OAuth Login Endpoint

@manager.route("/login/<channel>", methods=["GET"])
def oauth_login(channel):
    """
    Initiate OAuth login flow.

    Args:
        channel: OAuth provider (github, google, etc.)
    """
    channel_config = settings.OAUTH_CONFIG.get(channel)
    if not channel_config:
        return redirect("/?error=invalid_provider")

    auth_cli = get_auth_client(channel_config)

    # Generate state for CSRF protection
    state = get_uuid()
    session["oauth_state"] = state

    # Redirect to OAuth provider
    auth_url = auth_cli.get_authorization_url(state)
    return redirect(auth_url)


@manager.route("/oauth/callback/<channel>", methods=["GET"])
def oauth_callback(channel):
    """
    OAuth callback handler.

    Query params:
        - code: Authorization code from provider
        - state: CSRF state token
    """
    code = request.args.get("code")
    state = request.args.get("state")

    # 1. Validate state (CSRF protection)
    if not state or state != session.get("oauth_state"):
        return redirect("/?error=invalid_state")

    # 2. Get OAuth client
    channel_config = settings.OAUTH_CONFIG.get(channel)
    auth_cli = get_auth_client(channel_config)

    # 3. Exchange code for token
    token_info = auth_cli.exchange_code_for_token(code)
    access_token = token_info.get("access_token")

    if not access_token:
        return redirect("/?error=token_exchange_failed")

    # 4. Fetch user info
    user_info = auth_cli.fetch_user_info(access_token)

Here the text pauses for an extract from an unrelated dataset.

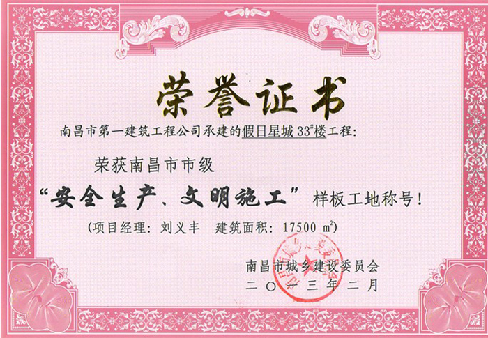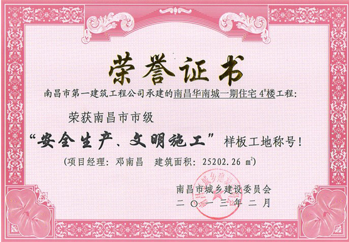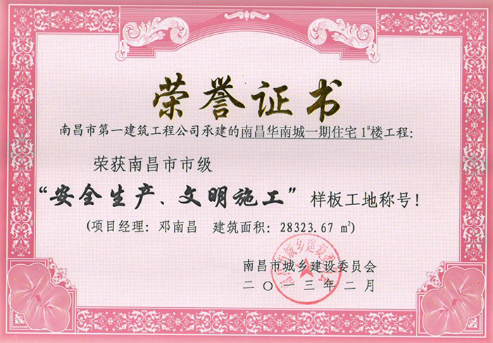 我司承建的“南昌華南城A標(biāo)一期1#、2#、3#、4#、假日星城1#、33#”項目工程喜獲2012年度喜獲“南昌市市級安全生產(chǎn)、文明施工樣板工地”稱號。此2項工程經(jīng)過區(qū)安全監(jiān)督站初審、市安全監(jiān)督站現(xiàn)場檢查、市建委質(zhì)安處復(fù)查、評審委員會評審,并在市安全監(jiān)督站網(wǎng)站進(jìn)行了公示,于2013年2月南昌市建委向我司頒發(fā)了市級樣板工地榮譽(yù)證書。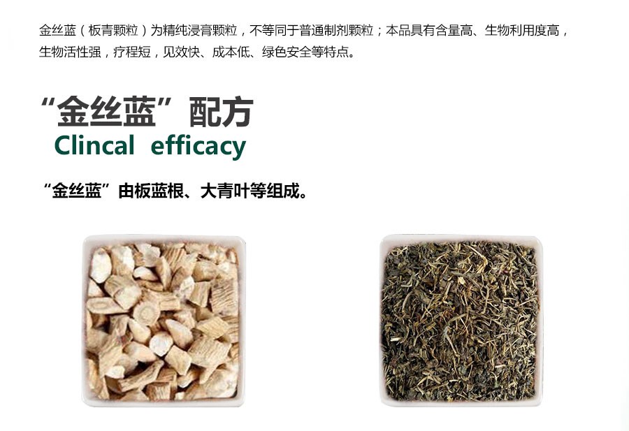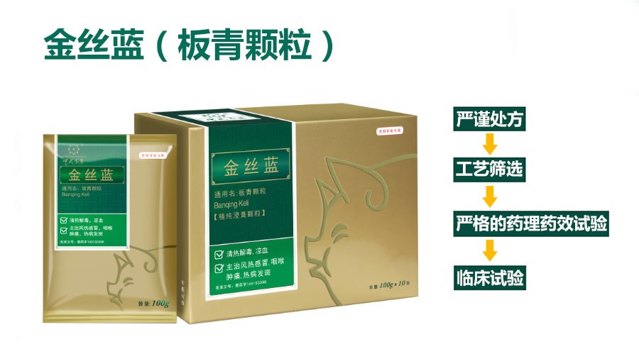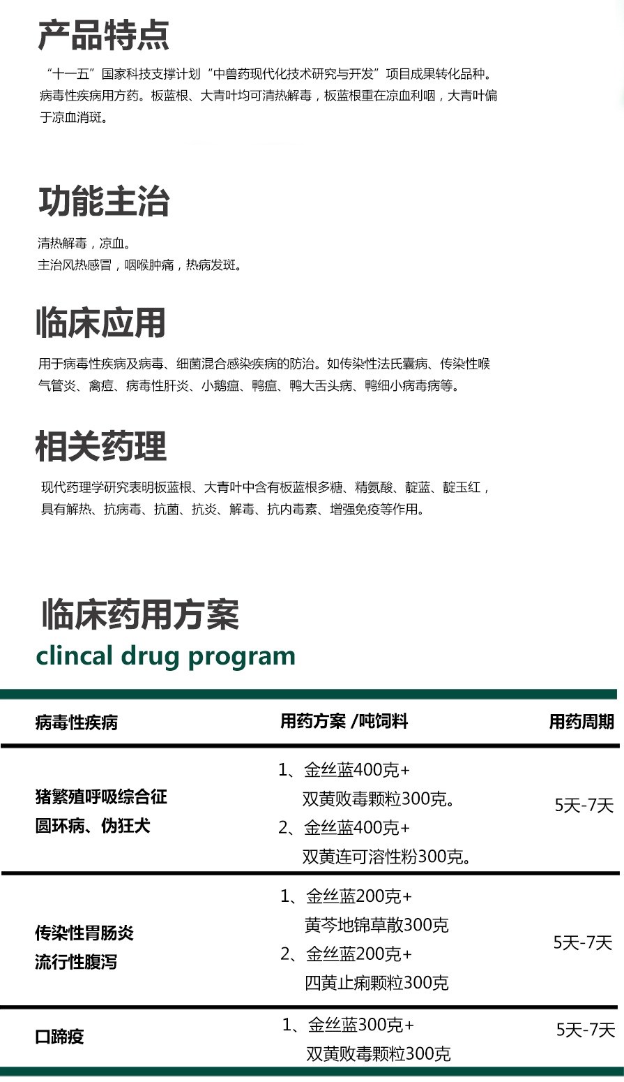 “十一五”國家科技支撐計劃“中獸藥現代化技 術研究與開發”項目成果轉化品種。 病毒性疾病用方藥。

    # 5. Find or create user
    users = UserService.query(email=user_info["email"])

    if not users:
        # Auto-register new OAuth user
        user_id = get_uuid()
        users = user_register(user_id, {
            "email": user_info["email"],
            "nickname": user_info["name"],
            "avatar": user_info["avatar"],
            "login_channel": channel,
            "password": ""  # No password for OAuth users
        })

    user = users[0]

    # 6. Generate access token
    user.access_token = get_uuid()
    UserService.save(user)

    # 7. Create session
    login_user(user)

    # 8. Redirect to app
    jwt = Serializer(secret_key=settings.SECRET_KEY)
    token = jwt.dumps(user.access_token)
    return redirect(f"/?auth={token}")

API Token Authentication

Create API Token

@manager.route("/api_token/create", methods=["POST"])
@login_required
@validate_request("dialog_id")
async def create_api_token():
    """
    Create API token for external access.

    Request:
        - dialog_id: Dialog to associate with token

    Response:
        - token: API token string
    """
    req = await request.json

    token = APIToken.create(
        tenant_id=current_user.id,
        token=get_uuid(),
        dialog_id=req["dialog_id"],
        source="api"
    )

    return get_json_result(data={"token": token.token})

Using API Token

# SDK/API calls use Bearer token
curl -X POST "https://api.ragflow.io/api/v1/chat" \
  -H "Authorization: Bearer {api_token}" \
  -H "Content-Type: application/json" \
  -d '{"question": "Hello"}'

Sequence Diagram: OAuth Flow

sequenceDiagram
    participant U as User
    participant A as RAGFlow App
    participant O as OAuth Provider
    participant DB as Database

    U->>A: Click "Login with GitHub"
    A->>A: Generate state token
    A->>A: Store state in session
    A->>U: Redirect to GitHub

    U->>O: Authorize RAGFlow
    O->>U: Redirect to callback with code

    U->>A: GET /oauth/callback?code=xxx&state=yyy
    A->>A: Validate state token

    A->>O: Exchange code for token
    O-->>A: Access token

    A->>O: Fetch user info
    O-->>A: User profile

    A->>DB: Find user by email

    alt User exists
        A->>DB: Update access token
    else New user
        A->>DB: Create user account
        A->>DB: Create tenant
    end

    A->>A: Create session
    A->>U: Redirect with JWT token

Security Considerations

Token Validation

# 1. Token format validation
if len(access_token.strip()) < 32:
    return None  # Invalid UUID format

# 2. Token status validation
user = UserService.query(
    access_token=access_token,
    status=StatusEnum.VALID.value  # Only active users
)

# 3. API token scope validation
api_token = APIToken.query(token=bearer_token)
if api_token:
    # Check if token is for allowed dialog
    if api_token.dialog_id != requested_dialog_id:
        return None

CSRF Protection

# OAuth state validation
state = get_uuid()
session["oauth_state"] = state

# On callback
if state != session.get("oauth_state"):
    return redirect("/?error=csrf_detected")

Password Hashing

import bcrypt

def hash_password(password: str) -> str:
    return bcrypt.hashpw(password.encode(), bcrypt.gensalt()).decode()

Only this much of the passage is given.